Page 2 - TT_TEKVAK_Natalia Rara_175090101111028
P. 2
ABSTRAK
Penyakit akibat MERS-CoV telah menginfkesi sekitar 27 negara di dunia, terlebih negara Saudi
Arabia, Uni Emirat Arab, dan Korea. April 2012 hingga 22 Mei 2019, total kasus MERS yang
terkonfirmasi oleh WHO yaitu 2428, dengan 838 kematian dan fatalitas sekitar 35%. MERS
(Middle East respiratory syndrome) merupakan penyakit pernapasan cukup serius yang
disebabkan oleh de novo coronavirus-MERS-CoV. Coronavirus merupakan virus berenvelop,
positif, single strand RNA yang memang sudah diketahui banyak menimbulkan infeksi pernapasan
pada manusia.

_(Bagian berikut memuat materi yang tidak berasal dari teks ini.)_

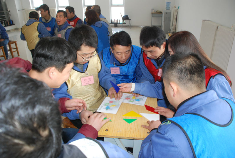 根據(jù)老師的要求,50名隊員按1——4循環(huán)報數(shù),分為4組,分別穿好紅、黃、藍、銀色馬夾后,開始了熱身游戲。在模擬企業(yè)7個部門的梅花型沙盤演練中,全體隊員分為7個小組,以七巧板為道具,按任務(wù)書要求必須在最短的時間內(nèi)完成各自的任務(wù)?;顒又荚诳疾觳⒂柧毚蠹业臏贤āf(xié)調(diào)領(lǐng)導能力,以及團隊意識。此時已臨近中午,董事長蔣保權(quán)在觀看了活動后講話,闡述了團隊及領(lǐng)導的重要性。

Unta berpunuk satu disinyalir sebagai inang terbesar dari MERS-CoV, meskipun
ada beberapa penelitian yang mengatakan bahwa kelelawar juga merupakan hewan yang menjadi
sumber penyebaran dari virus ini. Belum ada pengombatan yang sepenuhnya efektif untuk
menangani MERS-CoV. Pengetahuan mengenai struktur protein penyusun virus, asesoris protein,
mekanisme dan karakteristiknya menjadi bekal dalam menentukan strategi penanganan virus
tersebut. Sehingga pemilihan obat terapi yang akan digunakan serta targetannya semakin spesifik
dan terapi menjadi lebih efektif. Strategi penanganan dengan pengembangan antibodi yang
menarget suatu protein dari virus atau menarget suatu mekanisme menjadi bahasan yang penting.